Calculate the ratio of the odds of having a low-birth-weight baby, comparing those in the First Steps program to those not in the First Steps program (i.e., how many times higher/lower is the odds of having a low-birth-weight baby among those in First Steps as compared to those not in First Steps?)


c. Write a two-sentence summary, appropriate for a general audience, summarizing your results in terms of an *odds ratio*. Does birth weight appear to differ greatly by First Steps enrollment? What does this imply about the effectiveness of the First Steps program, if anything?
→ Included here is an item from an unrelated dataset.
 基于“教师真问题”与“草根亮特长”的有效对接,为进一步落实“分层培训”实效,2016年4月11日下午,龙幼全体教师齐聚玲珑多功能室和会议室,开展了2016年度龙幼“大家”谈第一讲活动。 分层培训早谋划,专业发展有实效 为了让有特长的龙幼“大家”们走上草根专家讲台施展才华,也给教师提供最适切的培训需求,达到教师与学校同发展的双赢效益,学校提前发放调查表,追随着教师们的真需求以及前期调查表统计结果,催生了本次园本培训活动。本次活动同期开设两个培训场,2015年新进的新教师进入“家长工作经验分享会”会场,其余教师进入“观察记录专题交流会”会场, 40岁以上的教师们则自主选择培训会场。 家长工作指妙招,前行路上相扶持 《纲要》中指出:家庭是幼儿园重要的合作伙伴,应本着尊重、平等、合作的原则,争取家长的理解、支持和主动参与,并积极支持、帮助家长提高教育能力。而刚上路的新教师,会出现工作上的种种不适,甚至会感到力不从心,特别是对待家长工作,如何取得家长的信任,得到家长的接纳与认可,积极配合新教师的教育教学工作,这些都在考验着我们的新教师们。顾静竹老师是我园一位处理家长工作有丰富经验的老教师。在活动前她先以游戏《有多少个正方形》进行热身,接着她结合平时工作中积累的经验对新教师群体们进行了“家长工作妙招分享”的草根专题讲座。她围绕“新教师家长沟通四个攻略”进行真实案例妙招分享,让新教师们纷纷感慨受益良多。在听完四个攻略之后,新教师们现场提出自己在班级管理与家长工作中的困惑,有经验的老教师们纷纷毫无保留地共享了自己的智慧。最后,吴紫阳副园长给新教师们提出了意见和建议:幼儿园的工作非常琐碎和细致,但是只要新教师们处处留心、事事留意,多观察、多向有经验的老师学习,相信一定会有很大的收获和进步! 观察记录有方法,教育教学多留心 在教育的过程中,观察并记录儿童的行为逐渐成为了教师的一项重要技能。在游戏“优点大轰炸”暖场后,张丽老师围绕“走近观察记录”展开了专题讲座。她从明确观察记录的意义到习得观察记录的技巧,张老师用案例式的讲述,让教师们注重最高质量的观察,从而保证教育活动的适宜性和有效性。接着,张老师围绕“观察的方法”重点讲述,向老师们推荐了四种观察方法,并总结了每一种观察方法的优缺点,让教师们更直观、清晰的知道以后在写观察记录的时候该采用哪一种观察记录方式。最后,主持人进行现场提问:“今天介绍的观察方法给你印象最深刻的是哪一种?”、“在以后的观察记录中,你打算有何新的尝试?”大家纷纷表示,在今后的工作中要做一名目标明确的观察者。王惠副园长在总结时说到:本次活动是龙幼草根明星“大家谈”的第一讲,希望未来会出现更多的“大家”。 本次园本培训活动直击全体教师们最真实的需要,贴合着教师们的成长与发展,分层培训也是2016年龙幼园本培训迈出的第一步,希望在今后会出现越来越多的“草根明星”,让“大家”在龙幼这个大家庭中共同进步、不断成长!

d. To go along with your summary, make one of the three visualization options we tried out in Exercise 4.

```{r}
# Insert code here...

```




## Extra Practice {-}

### Exercise 7: Conditional vs. Marginal probabilities

Suppose we select a person at random from the entire global population. For each of the following probabilities, which do you think is bigger? Explain your reasoning.
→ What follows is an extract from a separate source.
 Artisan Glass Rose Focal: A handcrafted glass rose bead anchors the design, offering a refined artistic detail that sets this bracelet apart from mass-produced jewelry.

a. P(lung cancer) or P(lung cancer | smoker)


b. P(likes McDonald's) or P(likes McDonald's | vegetarian)


c. P(smart | Mac grad) or P(Mac grad | smart)


### Exercise 8: Probability practice

Let's explore whether birthweight of a baby varies by whether or not it was the *first* child that a mother had, *and* whether this relationship differs by First Steps enrollment. We make a table below:

```{r}
firststeps %>%
  count(firstchild, low_bwt, firstep)
```

a. What is the probability that a mother enrolled in First steps who is having their first child, has a baby who is born at a low birthweight? Calculate your answer, and write it using formal probability notation.

> P(___ | ___) = ?

b. What is the probability that a mother *not* enrolled in First steps who is having their first child, has a baby who is born at a low birthweight? Calculate your answer, and write it using formal probability notation.

> P(___ | ___) = ?

c. What is the probability that a mother's first child has a low birthweight? Calculate your answer, and write it using formal probability notation.

> P(___ | ___) = ?

d. How many times *more likely* is a child to be born at a low birthweight, comparing children who are the first born to those not first born?

> P(___ | ___) / P(___ | ___) = ?




## Done!

- Finalize your notes: (1) Render your notes to an HTML file; (2) Inspect this HTML in your Viewer -- check that your work translated correctly; and (3) Outside RStudio, navigate to your `inclass_activities` subfolder within your `stat155` folder and locate the HTML file -- you can open it again in your browser.
- Clean up your RStudio session: End the rendering process by clicking the 'Stop' button in the 'Background Jobs' pane.
- Check the solutions in the course website, at the bottom of the corresponding chapter.
- Work on homework and/or any extra practice exercises!